I use my mountain bike exclusively for two reasons. Gears, and Disc Brakes.

My two kids( 3 and 5) weight close to 80 lbs, without the trailer and bike(add about 40 more lbs). I need the gears for the hills and to some extent just to get up to speed and the disc brakes for stopping power. My other mtn bike does ok on the stopping, but not nearly as well as the disc brakes. I have taken them out with the old road bike when they weighed half what the weigh now and it did not stop adaquately. 

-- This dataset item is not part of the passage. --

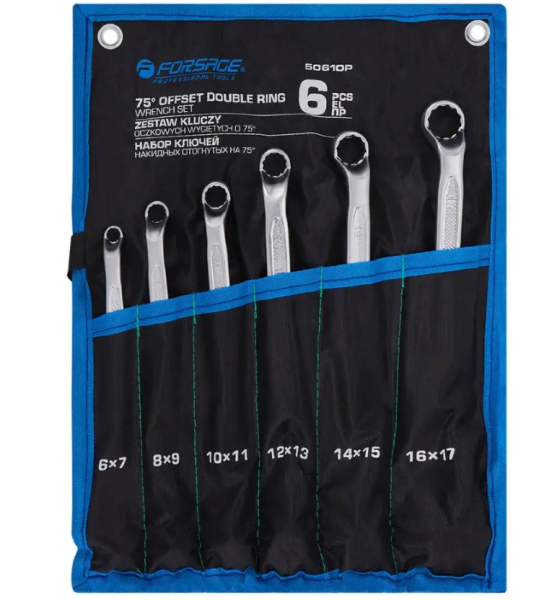 Набор накидных отогнутых ключей Forsage, 6 предметов — это практичный комплект для работы с крепежом в труднодоступных местах. Благодаря углу изгиба 75°, ключи обеспечивают удобный доступ к гайкам и болтам, расположенным в углублениях или под наклоном.

Before someone asks, the 5 yo can ride a bike by herself, but we nominally go riding with my wife on a 15-20 mile route and that is way to far for the 5 yo to ride. I'm not sure I trust the 5 yo yet on the MUT either.


----------



## Puzman (Aug 14, 2002)

Totally agree with previous poster. All that extra weight behind you makes getting up hills a real challenge, and stopping power of discs on MTBs is much better for pulling kid trailer, IMHO. I used a Titus LocoMoto w/ Avid discs for pulling my kids trailer, and now use my Yeti 575 for pulling her tag-along bike.


----------



## NeedhamDave (May 17, 2004)

*I use my regular road bike*

Motobecane Le Champion. Some of the paint has worn off from the Burley D'Lite trailer hitch rubbing the chainstay, but "performance-wise" it has been fine. Last weekend, I put the 7-month old and 2-year old in for a very short 5-10 minute test ride to see if they knocked heads together or anything and it went ok.

I used to have a hybrid bike with more gearing, thinking that might make it easier to pull, but power is not going to be your issue. Handling-wise, you should be on a bike you are comfortable with, so you can involuntarily turn around for a quick check to see what's going on back there without crashing. To some extent, if you are on a road bike, in the drops, you can kind of just look under your arm more easily than if you were sitting upright.

On thing I ran into was that you need to stop in places where there is something to lean the bike against so you can attend to the little ones without letting your bike flop over. One trick--use your pedal + the curb as a kickstand.

My question...has anyone used a fixed gear + trailer? I think that would be a bad idea.


----------



## CFBlue (Jun 28, 1999)

7-speed cruiser bike would be ideal. Sitting upright, easy to look back at the kid and not too expensive, plus they are great when the kid starts riding their own bike/trike. Slower and easier to plop down the kickstand to help the kid across the street.

We've had our Burley for 4 years and it's been great. Most of the time it's been hooked up to the wife's mountain bike for commuting and dropping the tax-deduction off at baby-jail. It's worked great. On the weekends it was hooked up to the single speed cruisers for jaunts around town and to the store. 7 speed would have been nice, but we never went that far and didn't have many hills.

If you hook it up to a road bike be sure to take the corners at a very-very-very-very slow speed. Most folks I've known have rolled the trailer. We've had ours up on one wheel quite a few times, but so far have avoided dumping our little darling.


----------